Back in our early teens, my friends and I frequented a
Buffalo game store called Outland. One day while we were shopping for new Chill RPG books and Battletech miniatures,
the 20-something clerk told us about Kult. “It’s so intense it’s banned in
Sweden,” he said. That wasn’t really true, though the game’s dark subject
matter was controversial in its home country, and it was implicated in a few
murders and suicides there. Still, “It’s banned in Sweden,” is pretty much the
best possible sales pitch you can make to a couple of 14-year-old boys.

https://gizmodo.com/the-greatest-out-of-print-tabletop-rpgs-that-we-still-l-1350714506

And indeed Kult turns out to be a pretty interesting,
intense RPG. It’s a horror game set in the modern world, but it’s quite
different from White Wolf’s World of Darkness. It has a sort of heavy metal aesthetic,
and it’s built on a framework of gnostic mysticism and Buddhism.
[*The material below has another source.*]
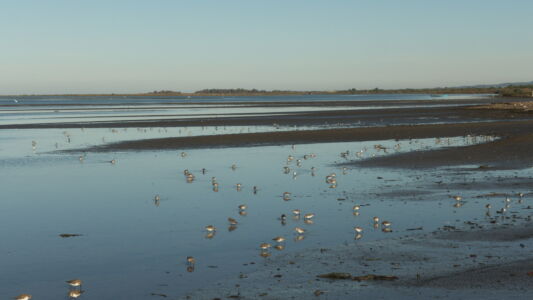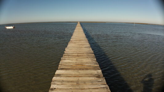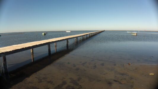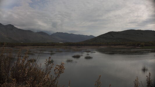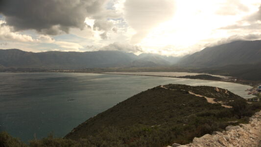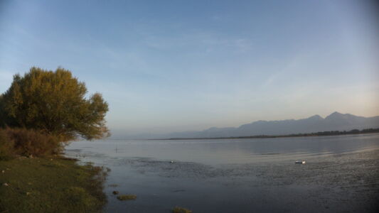 Laissant les affaires dans mon abri, j’ai passé toute une matinée à chercher les pélicans promis par les panneaux du parc naturel de Divjakë. Introuvables. M’en retournant, j’ai fait la très agréable expérience de couper par la lagune. Impression extraordinaire de se retrouver au beau milieu de la mer avec de l’eau seulement jusqu’aux cuisses.
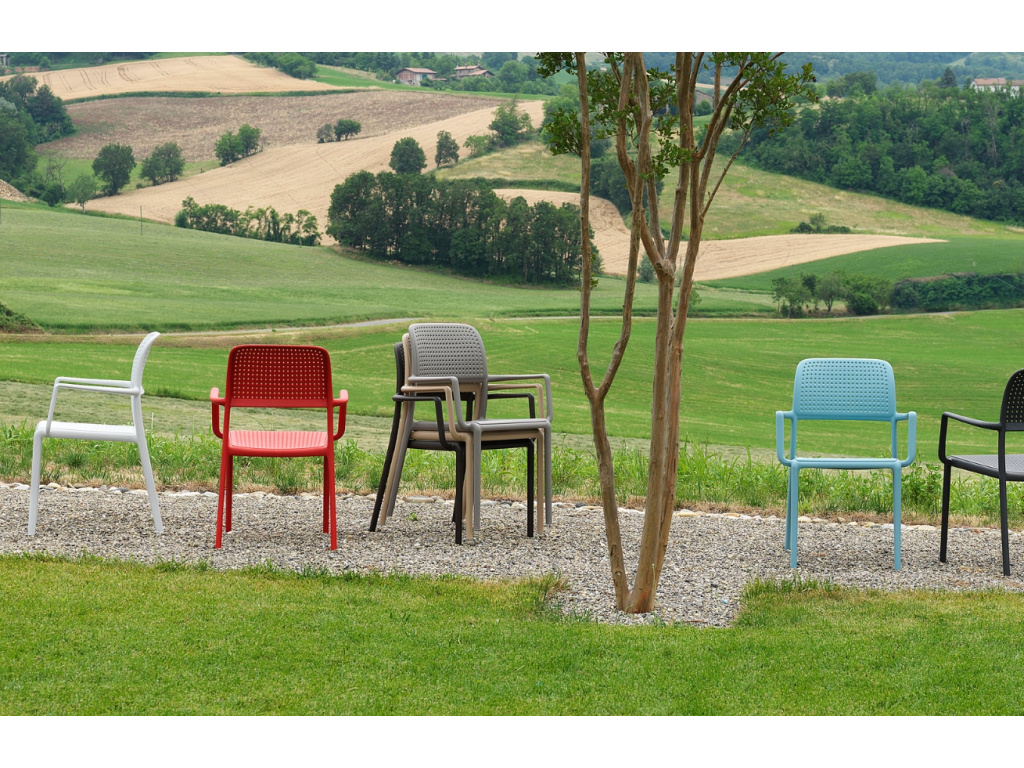 Zahradní židle Bora s područkami je moderní kousek nábytku, který díky použitému materiálu oceníte nejen v interiéru, ale i na vaší terase či v zahradě. Jednoduché barevné provedení a působivý design dělá z této židle nadčasový prvek, který rozhodně neomrzí. Židle Bora je dostupná v několika barevných variantách. Vychutnejte si zasloužený komfort a styl židle i u vás doma. Bora se skvěle hodí jak do komerčních, tak i nekomerčních prostor.

You portray
“awakened” characters who can see through the illusion of reality and interact
with the supernatural world that exists alongside it. Some of Kult’s
controversy stems from the inclusion of rape among the many horrors that could
be experienced by a character. Like me, you may not be interested in dealing
with those kinds of issues during a gaming session, but to its credit, Kult
made it clear that rape had serious and terrible consequences for both the
victim and the perpetrator.

Although Kult was never a big success in North America, it
still holds that strange frisson of
ominous allure.

Honorable Mentions

Dune: Chronicles of the Imperium is notorious in the gaming industry
for how thoroughly Wizards of the Coast and Hasbro botched the whole thing and
killed it before it ever went anywhere. One of the original designers even wrote about it at io9 a few years ago. And SenZar and The World of Synnabarr
are both frequently mentioned as two of the worst RPGs ever published, in case
you couldn’t tell just from the names.